Abstract

Tetrameric cholinesterase from horse serum undergoes concentration-dependent dissociation. The dimer is highly stable so that even on SDS polyacrylamide gels subunit dissociation to the 80-kDa polypeptide chains is incomplete. Glutaraldehyde cross-linking confirms this finding, giving rise to a tetramer: dimer ratio of approximately 1:1. The beta-adrenergic agent isoproterenol acts as an inhibitor of the enzyme with respect to butyrylthiocholine hydrolysis; inhibition kinetics point to a dissociative effect of the ligand as the underlying mechanism (Söylemez, Z. & Ozer, I. (1985) Comp. Biochem. Physiol. 81c, 433-437). Evidence from sedimentation analysis confirms this hypothetical mechanism: the sedimentation coefficient in the presence of saturating concentrations of both the substrate butyrylthiocholine and the inhibitor isoproterenol shows a 35 +/- 5% decrease; in high speed sedimentation equilibria the weight average molecular mass is shifted from the tetramer (Mr = 312 +/- 12 kDa) to the dimer (Mr = 160 +/- 10 kDa).

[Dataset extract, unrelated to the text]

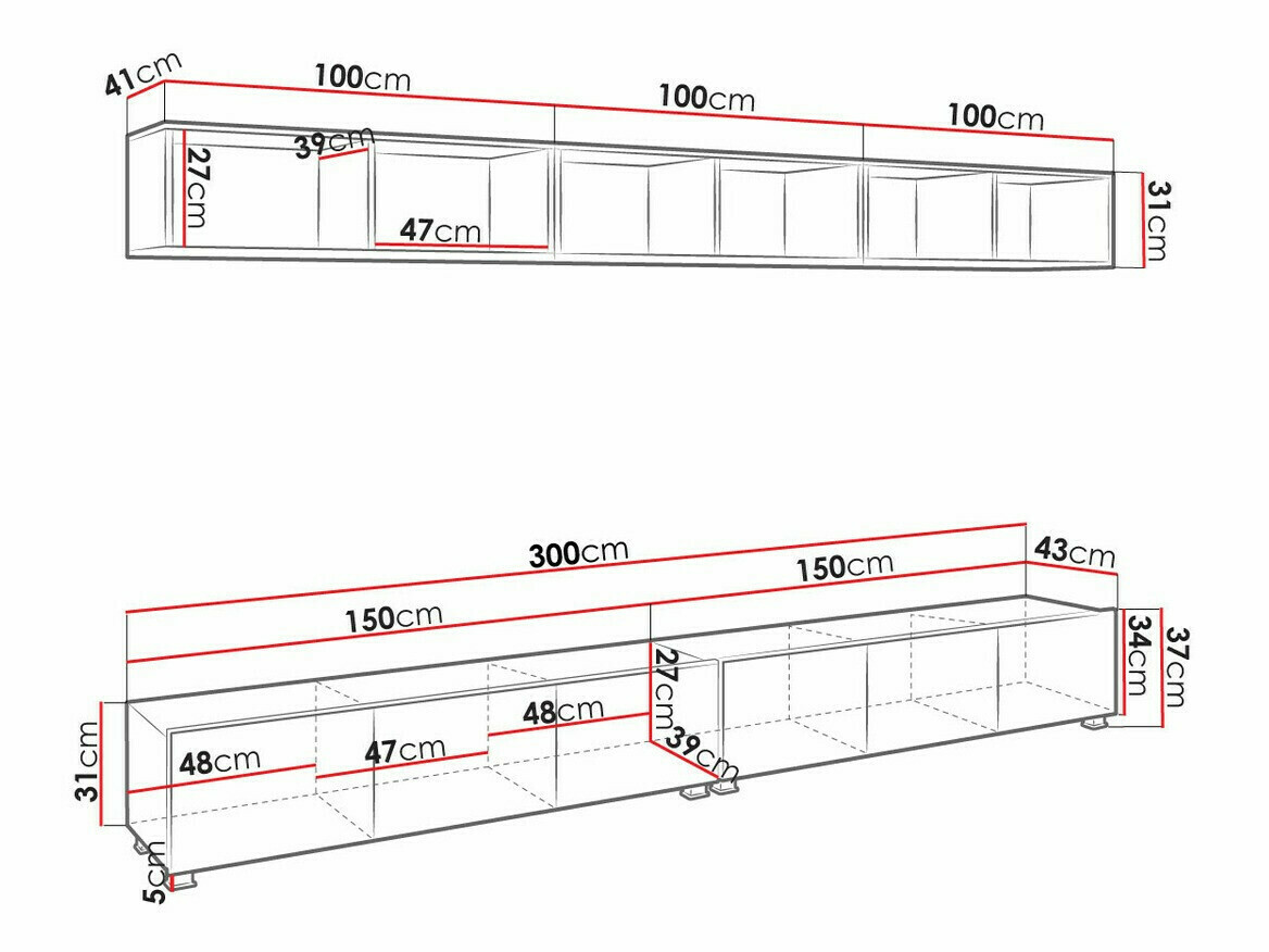 37 x 300 x 43 cm

The transition is complete at isoproterenol concentrations below saturation. Applying glutaraldehyde cross-linking to monitor the particle distribution at varying isoproterenol concentrations confirms the change in quaternary structure in a qualitative way. Enzyme concentrations applied in the present experiments are in the range of the concentration of cholinesterase in horse serum. Therefore the dissociative mechanism of isoproterenol on the enzyme may be of biological significance.